Sardar, on the other hand, referred to his brand of Islamic knowledge as ‘democratisation of the Koran’. To the young ears of budding academics at the LSE, this may have sounded rather attractive but it is a discourse fraught with peril. Where Ramadan’s starting point was re-reading texts, Sardar’s was abandoning the texts. If re-reading scripture results in the loss of the word and spirit of the text, why bother with the text? At this stage of their mutual evolution, Tariq Ramadan, to be fair, was a little more respectful of traditional scholars, or the ulama, whereas Zia Sardar was scathing in his vitriol against the ulama.

Ten years ago I too was an angry, motor-mouthed activist raging against the ulama. I recited a litany of grievances against them whenever I was given the opportunity. Today, subdued and more aware, I beg to differ. The ulama are not a monolithic, homogenous body. Contrary to Ramadan’s assertions, they do not represent ‘only text’. It is a fallacy to argue that the ulama are detached from reality and are merely ulama al-nusoos, or ‘textual specialists’ as Ramadan argued. Anyone who sat with well-grounded ulama will agree that meaningful exposure to serious scholarship is refreshing, challenging, nuanced, spiritually lifting and intellectually humbling.

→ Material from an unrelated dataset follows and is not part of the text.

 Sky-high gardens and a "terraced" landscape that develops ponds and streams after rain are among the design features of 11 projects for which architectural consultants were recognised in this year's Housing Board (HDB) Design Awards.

During the 1950s in Egypt and Pakistan, most of the ulama stood boldly against the politicisation of Islam. At the beginning of the twenty-first century, if we Muslims are serious about living our faith, then we must stand by those who have inherited a holistic Islam from our ancient spiritual master, the noble Prophet Muhammad. Granted, the ulama are not faultless, but dismissing their contribution and vital role would be a case of throwing out the baby with the proverbial bathwater.

The Islamists did exactly that and then unleashed a beast of terror, underpinned by the freewheeling interpretations of jihadi Salafis, which is now beyond the control of Islamist organisations.

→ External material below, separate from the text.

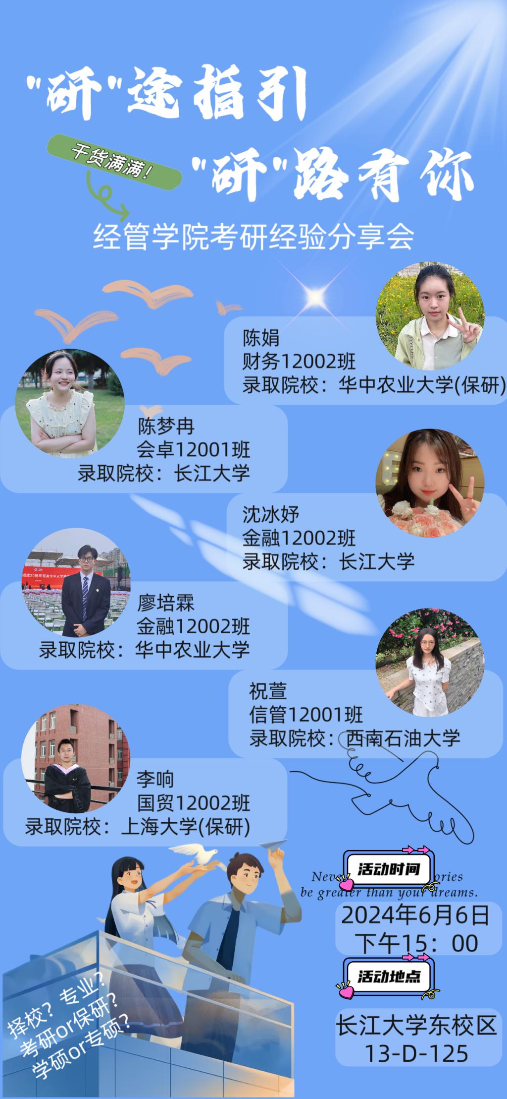 (通讯员 单子浩)为助力304永利集团登录入口学子了解考研形式,进一步明确考研规划。2024年6月6日下午,经管公司开展“研”途指引、“研”路有你——考研经验分享会。本次分享邀请了2024届升学上岸学子陈娟、陈梦冉、沈冰妤、廖培霖、祝萱、李响,2022级辅导员桂凯丽、方含之和2022级、2023级员工参加。

In the wake of 9/11, 7/7, the invasion of Iraq and other events, there is real concern among non-Muslims and Muslims to understand one another and bring relative peace to our shared world. And in the midst of this renewed interest in Islam, a whole Islam industry, not unlike the race industry in Britain and the US, is in its nascent stages. It is a phenomenon from which few us will be immune.

The Islam industry, like its ‘Islamist movement’ predecessor of the last century, is dominated by urbanite professionals who are not remotely familiar with the thousand-year-old Islamic tradition of deep thought, training, nuance, tolerance and spirituality. Today, we run the risk of accepting DIY Islam, already manifest in the actions of tube bombers and plane hijackers, who validate their terror on their own terms, their ‘democratisation of the Koran’ and not with reference to the understanding of generations of ulama. Sardar and his ilk may appease his New Statesman readership, or Sky News viewers on Friday evenings, but philosophy of open, unregulated ijtihad - void of scholarly guidance - leaves the possibility of that very literal reading of the text that has been used to support ‘sacred’ acts of violence in the first place.

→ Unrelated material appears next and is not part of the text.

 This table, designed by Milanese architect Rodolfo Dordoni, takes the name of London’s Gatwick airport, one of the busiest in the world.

Sardar’s ill temper was on display during the Q&A session at the LSE. Sardar lacked the kudos and courtesy of an erudite Muslim, frequently raising his voice and taking personal jibes at Ramadan and members of the audience. This spirit of vitriol also litters the pages of his most recent book, Desperately Seeking Paradise. Middle-aged male anger, coupled with an arrogant intellect, were defining ingredients of the destructive Islamism of the last century. If we Muslims are serious about change, then those two traits must perish from our midst.

It was the great Imam Malik (d.795) who said that half of one’s knowledge was the ability to confess la adri, which means, ‘I don’t know’. Imam Malik was indicating to an intellectual state of humility. At the LSE debate there was no inclination of ‘not knowing’, a modern symptom of an intellect that refuses to acknowledge the existence of a realm beyond its comprehension.